Spätestens seit dem Maifeld Derby 2016 ist Martin Kohlstedt Musikliebhabern in der Quadratestadt ein Begriff. In der Alten Feuerwache in Mannheim zeigt er nun wieder seine Genialität und beschert den Besuchern ein Konzerterlebnis der Meisterklasse.

Wer jemals Martin Kohlstedts Musik gehört hat, weiß, welche wunderschöne Kompositionen der Virtuose am Klavier erschaffen kann. Zweifler fragen sich aber vielleicht, ob seine Musik live funktioniert, oder ob das Konzerterlebnis nicht vielleicht etwas langatmig ist.

Die Besucher der gut besuchten Alten Feuerwache in Mannheim können aber eindeutig und vehement klarstellen, dass seine Musik sehr wohl live funktioniert, und mehr als das – dass sie absolut mitreißend ist.

Kontrastreich

Der Abend ist geprägt von Kontrasten. Da ist Kohlstedt, der mit seiner Musik in immer weitere Höhen entschwebt, laut und elektronisch wird, mit vollem Körpereinsatz in seine Performance eintaucht, nur um dann in sich selbst zusammenzusacken und wieder die leisesten und zartesten Melodien aufzugreifen.

Oder das Licht, das genau so minimalistisch wie eindrucksvoll einen stetigen Farbkontrast bildet. Mal sind es nur die kleinsten Lichter auf der Bühne, die sich mit ihrem sanften Schein von der Dunkelheit abheben, mal sind es die Scheinwerfer, die warmes Licht auf den Künstler werfen und kaltes auf sein Equipment. Hier trifft eins auf das andere. Hell auf dunkel, warm auf kalt, Tag auf Nacht. Das verbindende Element ist, wie sollte es auch anders sein, natürlich der Künstler.

Der bildet einen nicht minder beeindruckenden Kontrast. So elegant, expressiv und meisterhaft er in seiner Musik und seiner Performance ist, so unbeholfen, in sich gekehrt und zerstreut wirkt er, wenn er sich dem Publikum zuwendet. Die Art, wie er mit den Zuschauern redet und Geschichten erzählt erinnert fast schon an eine Stand-Up-Routine. Aber Genie und Wahnsinn sollen ja nahe zusammen liegen, da überrascht es nicht, dass dieser Meister am Klavier abseits seines Instruments etwas verpeilt wirkt.

Die magische Drei

Ein fixes Set scheint Kohlstedt übrigens auch nicht zu haben. Nachdem er zu Beginn ein Stück spielt, das er den Zuschauern nur so um die Ohren haut, dreht er sich schüchtern zum Publikum, begrüßt es und wundert sich, warum er gerade so angefangen hat.

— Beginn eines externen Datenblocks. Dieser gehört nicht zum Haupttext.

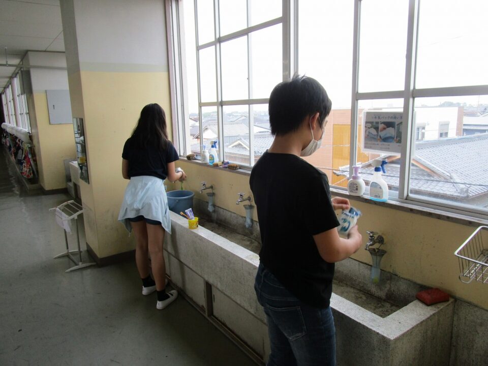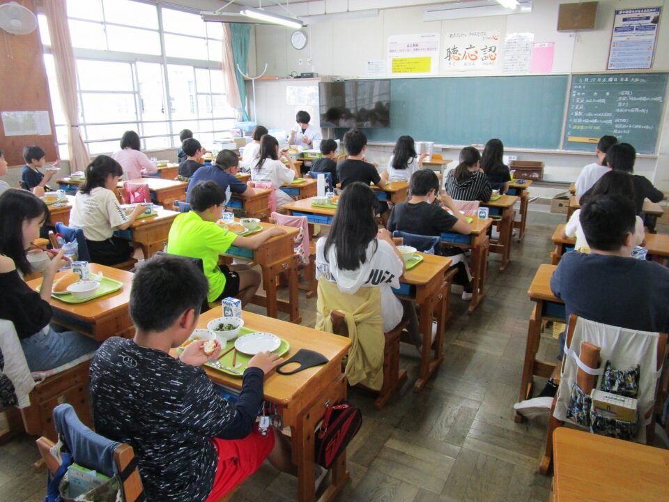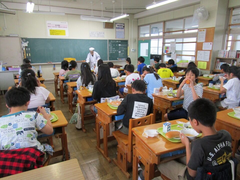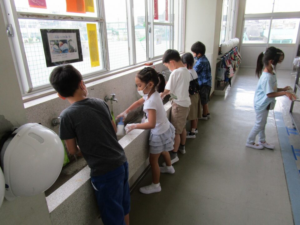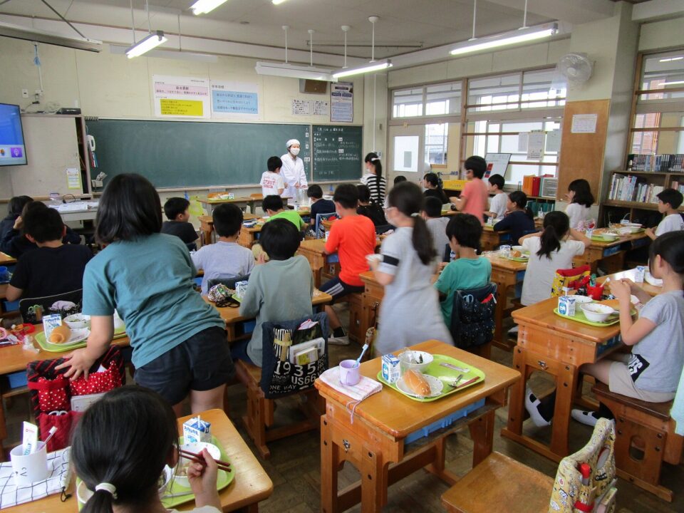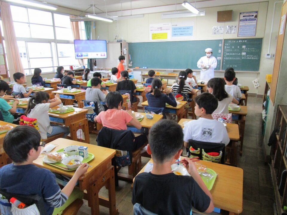 給食きゅうしょく一人ひとりひとりセルフサービスしきならんでもらいます。ならときひととの間隔かんかくをしっかりとっています。らすときやおかわりするときげているのところに先生せんせい順番じゅんばんにまわったり、まえへマスクをつけて、あいだけて先生せんせいところき、らしたり、おかわりしたりとさまざまな工夫くふうをしています。

Es ist eben einfach passiert, die Musik hat ihn dazu getrieben.

Überhaupt, so erklärt er, seien seine Stücke nie fertig. Deswegen verwendet er dreistelligen Titel, die für kleine eigenstehende Module stehen, die man mit anderen Kompositionen verbinden und stetig weiterentwickeln kann – und die einen eben dort hintragen, wo sie wollen.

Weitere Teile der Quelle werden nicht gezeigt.